FIRST SUPPLEMENTALINDENTURE
Exhibit 10.02
FIRST SUPPLEMENTAL INDENTURE
FIRST SUPPLEMENTAL INDENTURE (the Supplemental Indenture), dated as of November 13, 2007, by and among THE WORNICK COMPANY, a Delaware corporation (the Issuer, which term includes any successors under the Indenture), the subsidiaries of the Issuer which include, RIGHT AWAY MANAGEMENT CORPORATION, a Delaware corporation, THE WORNICK COMPANY RIGHT AWAY DIVISION, a Delaware corporation, and THE WORNICK COMPANY RIGHT AWAY DIVISION, L.P., a Delaware limited partnership (collectively, the Guarantors), and U.S. BANK NATIONAL ASSOCIATION (the Trustee), as Trustee under the Indenture dated as of June 30, 2004 (as amended, the Indenture) between the Issuer and the Trustee.
WHEREAS, the Issuer has previously issued 10.875% Senior Secured Notes due 2011 in accordance with the terms of the Indenture; and
WHEREAS, the Issuer has requested an amendment to the Indenture on the terms and conditions set forth herein; and
WHEREAS, Sections 9.1 and 9.2 of the Indenture provides that the Issuer, the Guarantors and the Trustee may amend, supplement or otherwise modify the Indenture with the consent of a stated percentage of Holders of a majority in aggregate principal amount of the Notes then outstanding (a majority, 66 2/3 or 100% as the case may be); and
WHEREAS, the Holders of at least 66 2/3% in aggregate principal amount of the Notes have consented to the amendment to the Indenture as set forth herein.
NOW, THEREFORE, the Issuer and the Trustee hereby agree as follows:
ARTICLE ONE
1.1 Definitions.
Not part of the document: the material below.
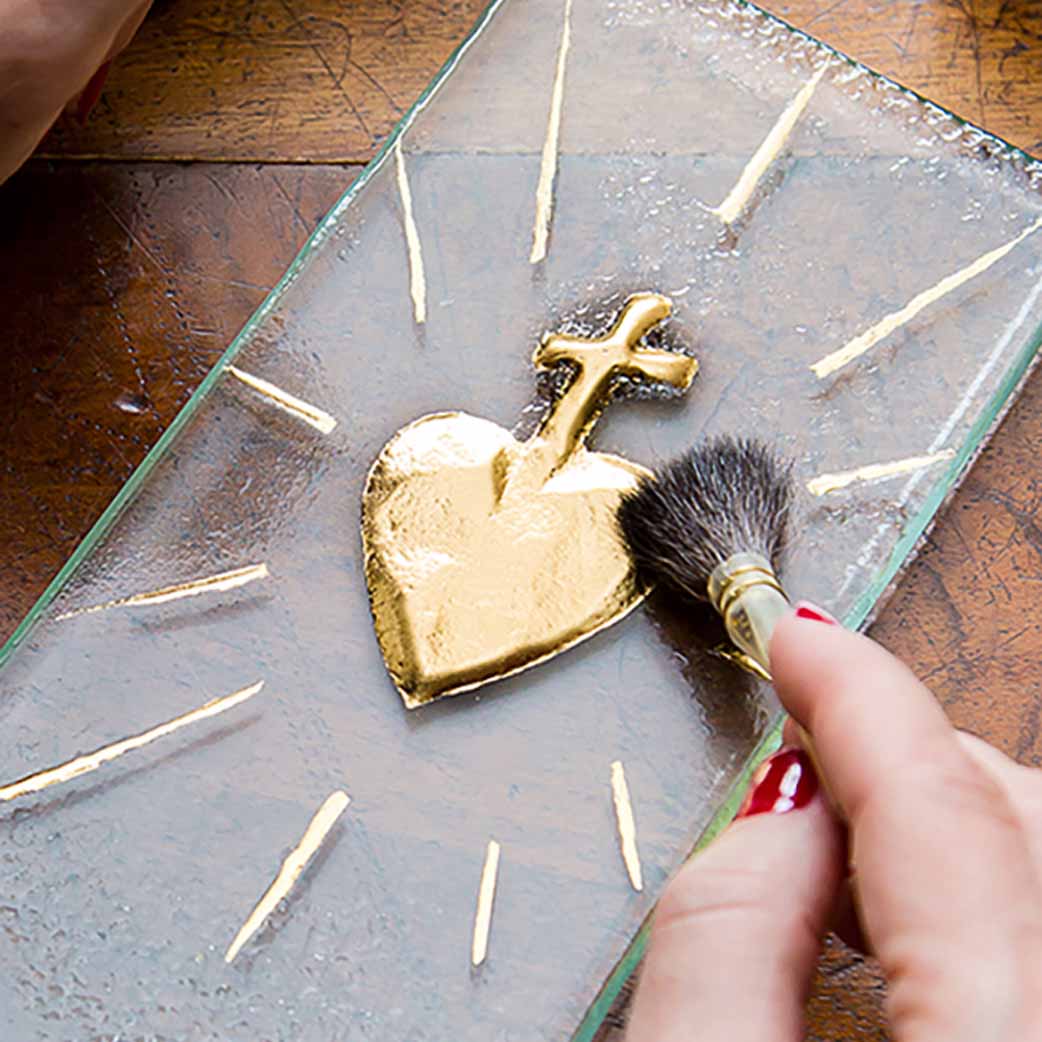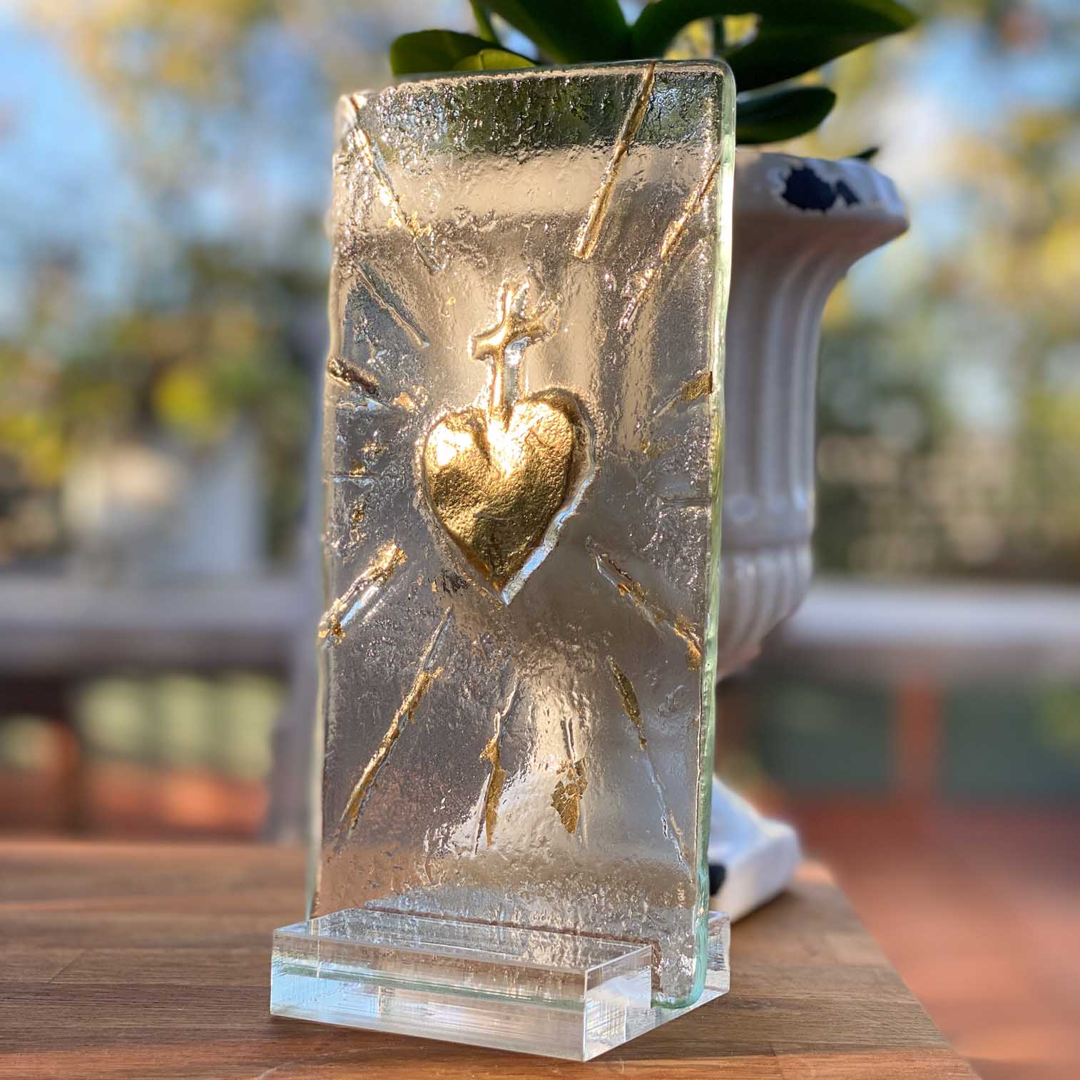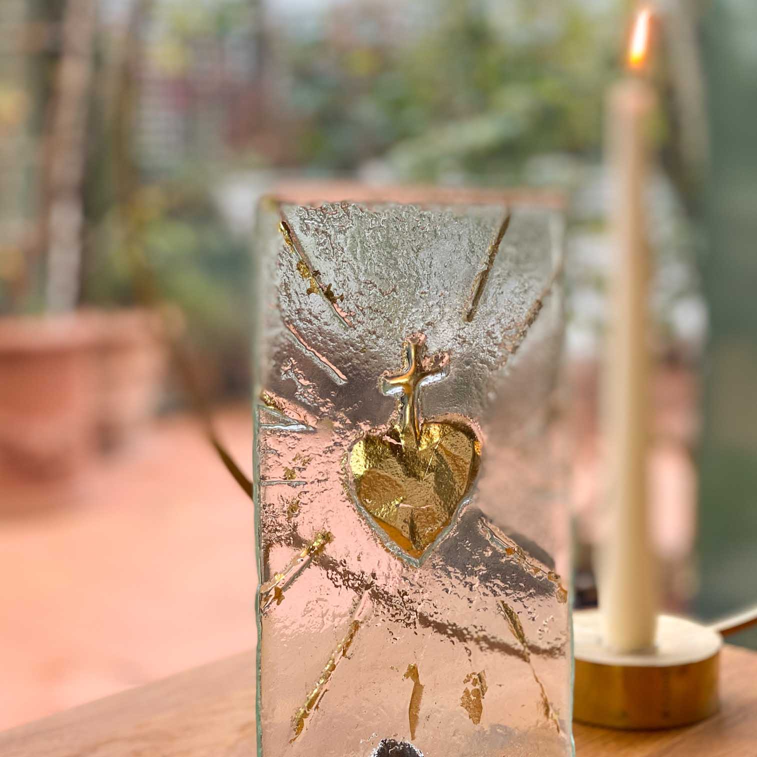 Questo modello è la versione in vetro e oro del sacro cuore rosso. È un pezzo scolpito a mano e termoformato in vetro a oltre 800 gradi.Prima della cottura, ho aggiunto del vetro colorato in polvere, che si è mescolato al vetro neutro durante la cottura.

For purposes of the Supplemental Indenture, the terms defined in the recitals shall have the meanings therein specified; any terms defined in the Indenture and not defined herein shall have the same meanings as defined in the Indenture; and references to Sections shall, unless the context indicates otherwise, be references to Sections of the Indenture.
1.2 Amendment to Permitted Indebtedness. Clauses (g) and (h) of the definition of Permitted Indebtedness are hereby amended in their entirety to read as follows:
(g) The Issuers incurrence or the incurrence by any Guarantor of Purchase Money Indebtedness or Capitalized Lease Obligations;
provided, that the aggregate amount of such Indebtedness incurred and outstanding at any time pursuant to this clause (g) (plus any Refinancing Indebtedness incurred to retire, defease, refinance, replace or refund such Indebtedness) does not exceed $5,000,000; and
(h) if no Event of Default shall have occurred and be continuing, the Issuers incurrence or the incurrence by any Guarantor of Indebtedness in an aggregate amount incurred and outstanding at any time pursuant to this clause (h) (plus any Refinancing Indebtedness incurred to retire, defease, refinance, replace or refund such Indebtedness) of up to $5,000,000.
1.3 Amendment to Permitted Lien. Clause (i) of the definition of Permitted Lien is hereby amended by deleting the phrase clause (g)(i) of the definition of Permitted Indebtedness and replacing it with the phrase clause (g) of the definition of Permitted Indebtedness.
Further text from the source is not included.